Injecting fresh blood has been a top priority, Toretti says. The bank has added four new members to its 14-member board since 2017. They serve alongside members with tenures ranging from four to 26 years.
“Today, we have people at the table who are willing to challenge management—not in a disruptive way, but in an additive way,” Toretti says. “You don’t need directors to be confrontational. You need people who can enhance what management is doing.” She singles out Christina Cassotis, the CEO of Pittsburgh International Airport, who joined the board in 2017 and is currently the only other female director, though others are in the pipeline. As an active CEO herself, “she is a rock star,” Toretti says. “Never shy, always forward thinking, always asking questions.”
Under Toretti’s leadership, the board has been taking a hard look at what the rise of the millennial generation—the 71 million Americans born between 1981 and 1996—means for the bank’s business model. The realization that some millennials are less interested than previous generations in owning homes and cars—or have a student debt overhang to deal with before they move into those products—has spurred the bank to probe where future opportunities might lie beyond outside of its traditional fortes in mortgage lending and auto dealer finance. Always a strong small business lender, S&T is building on that strength in areas of greater specialization, such as healthcare financing, Toretti says.
Enlisting today’s business leaders
Several observers say one old belief that should be put out to pasture is that it is difficult for anyone with a full-time job to serve on a bank board of directors. “That’s wrong,” says Jim McAlpin, partner and co-leader of the banking practice at the law firm of Bryan Cave Leighton Paisner in Atlanta.
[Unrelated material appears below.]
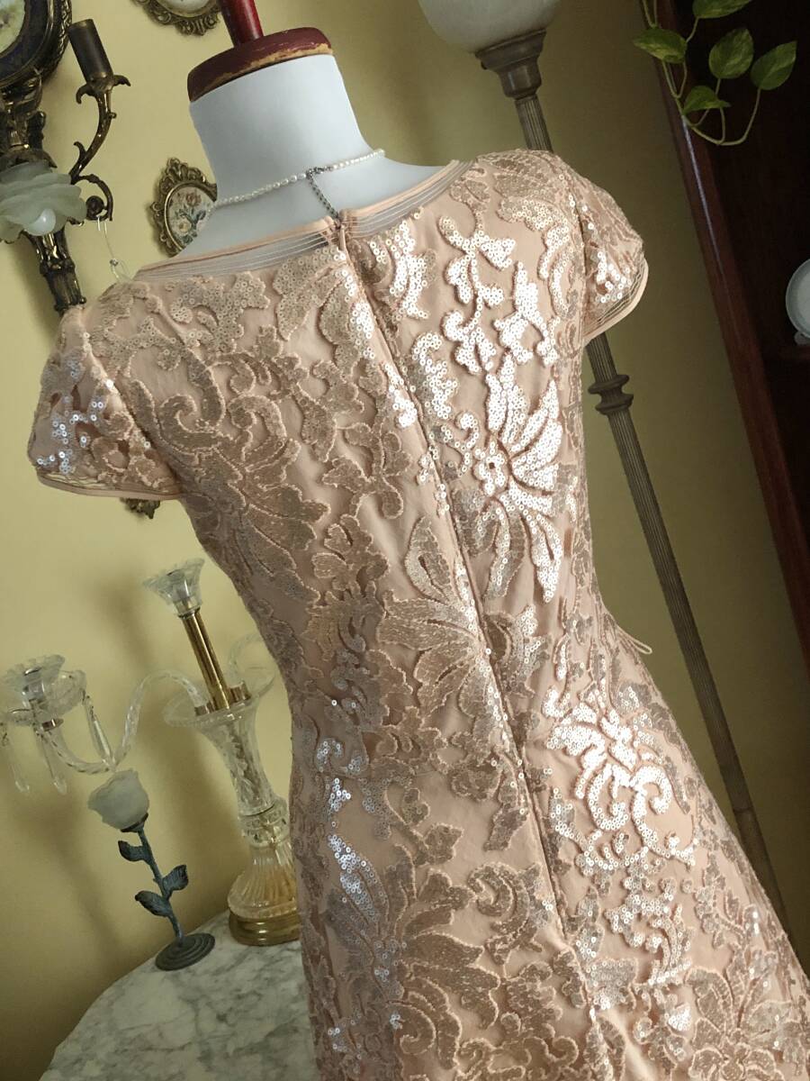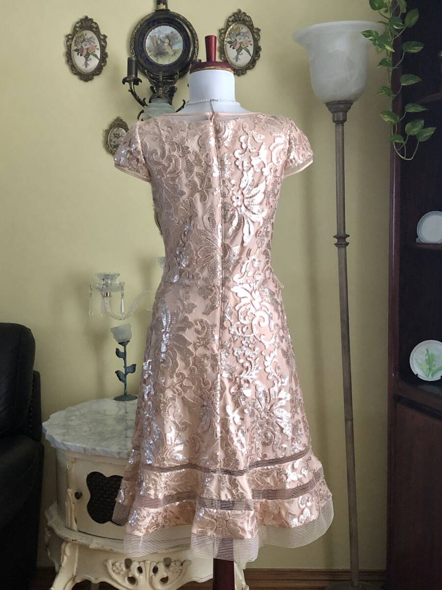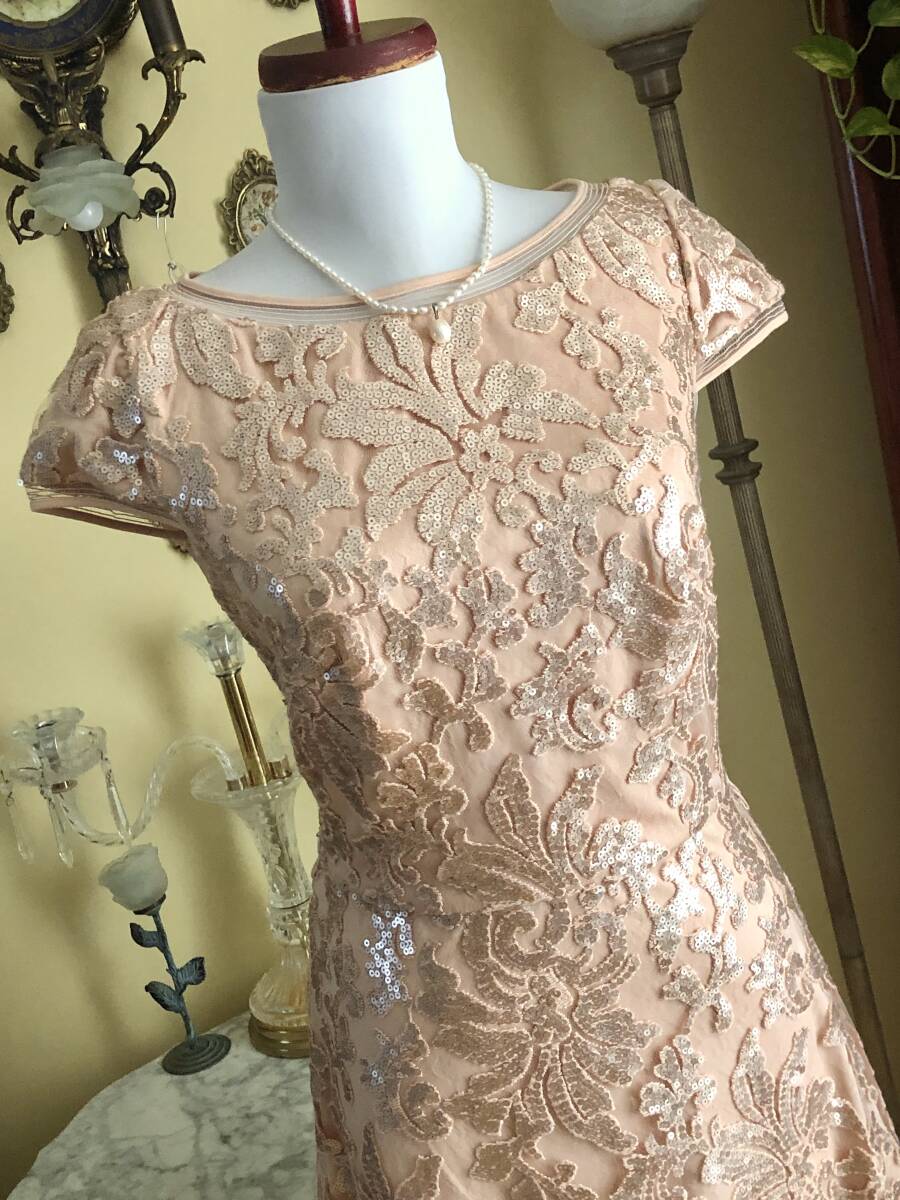| 【状態】中古 綺麗なお品です。 【ブランド】TADASHI SHOJI 【サイズ】表示サイズ/us(アメリカ)4 日本対応サイズ目安/ 9号Mサイズぐらい *個人差がございます。必ず採寸をご参照ください。 【採寸】平置き採寸です。 肩幅36㎝、身幅44㎝、ウエスト37cm、着丈100㎝(上身丈40㎝+スカート丈60㎝) 【カラー】ピンクベージュ 【素材】ナイロン40%、コットン30%、ポリエステル30% 【裏地の素材】ポリエステル100% 【着脱】後ファスナー
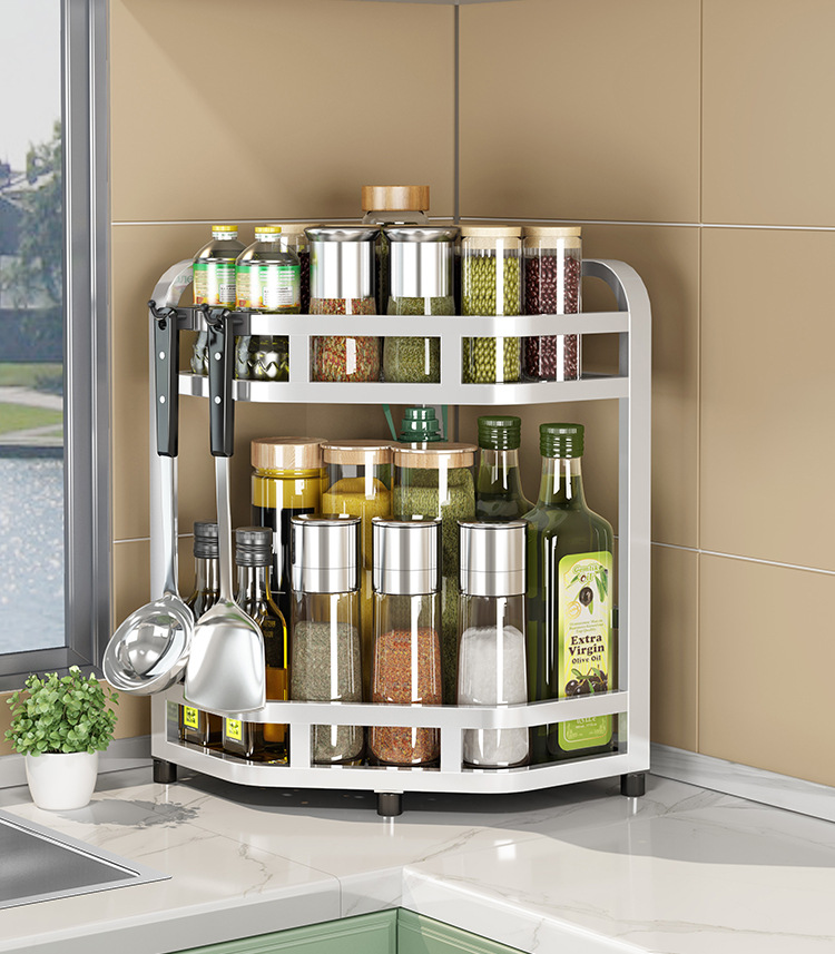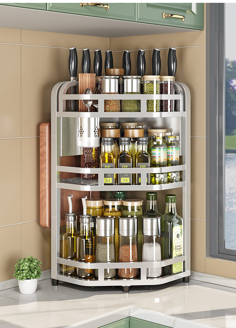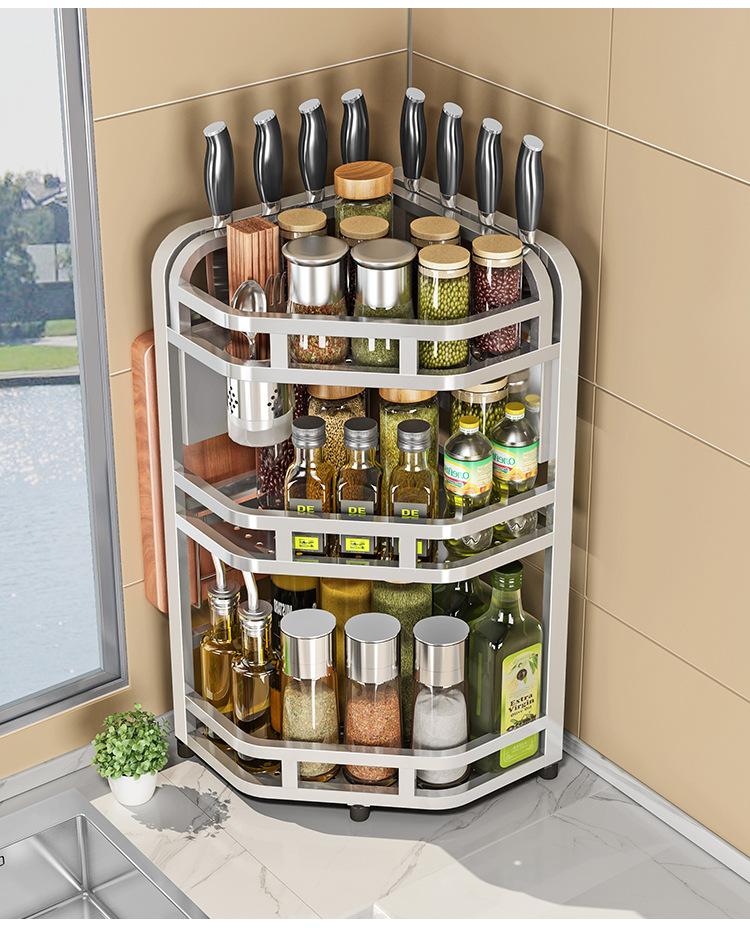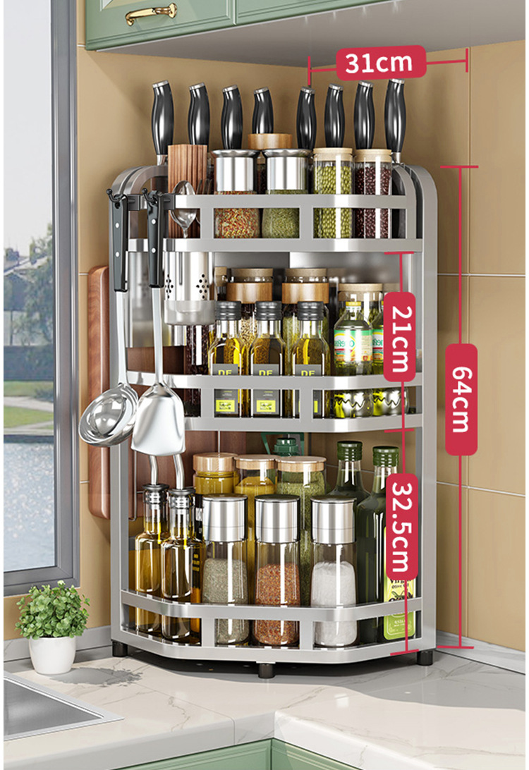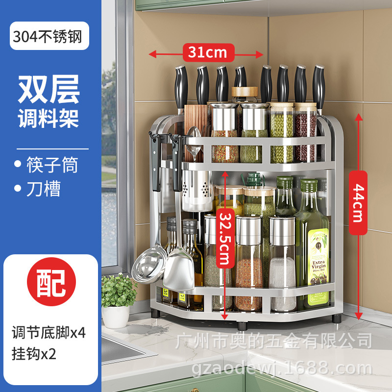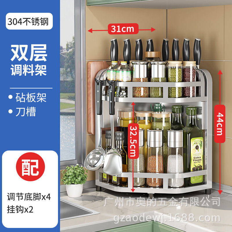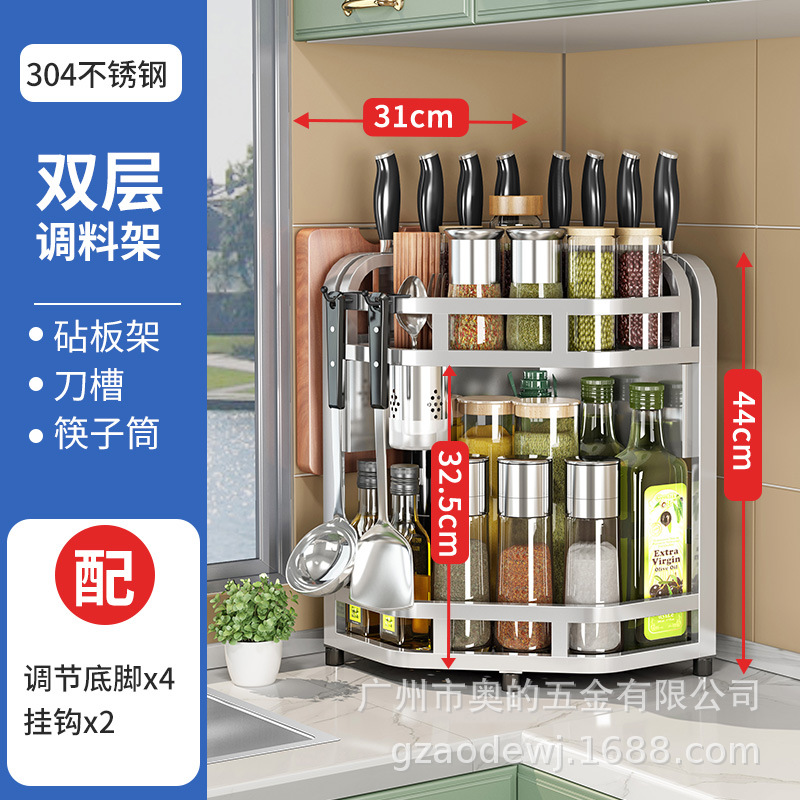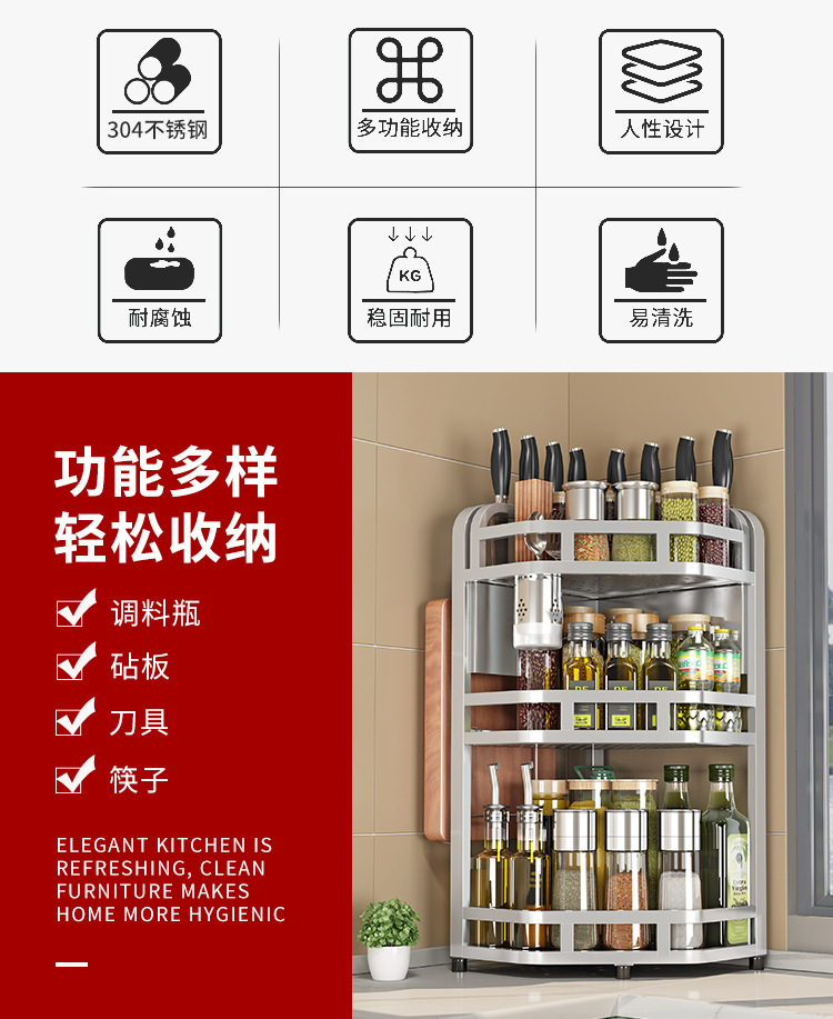 加粗304不锈钢厨房转角架三角置物架多功能台面调料调味品收纳架

“If you’re not working full-time, you’re not in touch with the world to the extent you were when you were full-time,” McAlpin says. Banks can afford to be choosy, because serving on a bank board is prestigious. “There are plenty of qualified candidates. It’s an honor within the community, it’s interesting work, and it keeps you in touch with pulse of the community.”
“It’s crucial to have people who are still involved in the working world,” adds Toretti. “They don’t necessarily need to be in the for-profit sector. There are some amazing people who are volunteers, running boards of foundations. The key is that they understand relationships.”
McAlpin urges directors not to underestimate the impact that digital transformation will have on their banks. A lot of them are not seeing it yet, but in a nod to Ernest Hemingway, he says that when it comes it will occur “gradually at first and then suddenly.”
“The largest banks are investing billions in retail technology,” he explains. But for many community banks, with their traditional focus on small businesses and commercial accounts, “good enough” technology has been enough for now. That won’t last, he adds. “As the next generation of small business owners emerges, those now in early 30s, banks will find that these individuals are not just technologically savvy. They’re technologically immersed. They’ll laugh at anything that can’t be done digitally. Banks really need to keep pace with that.”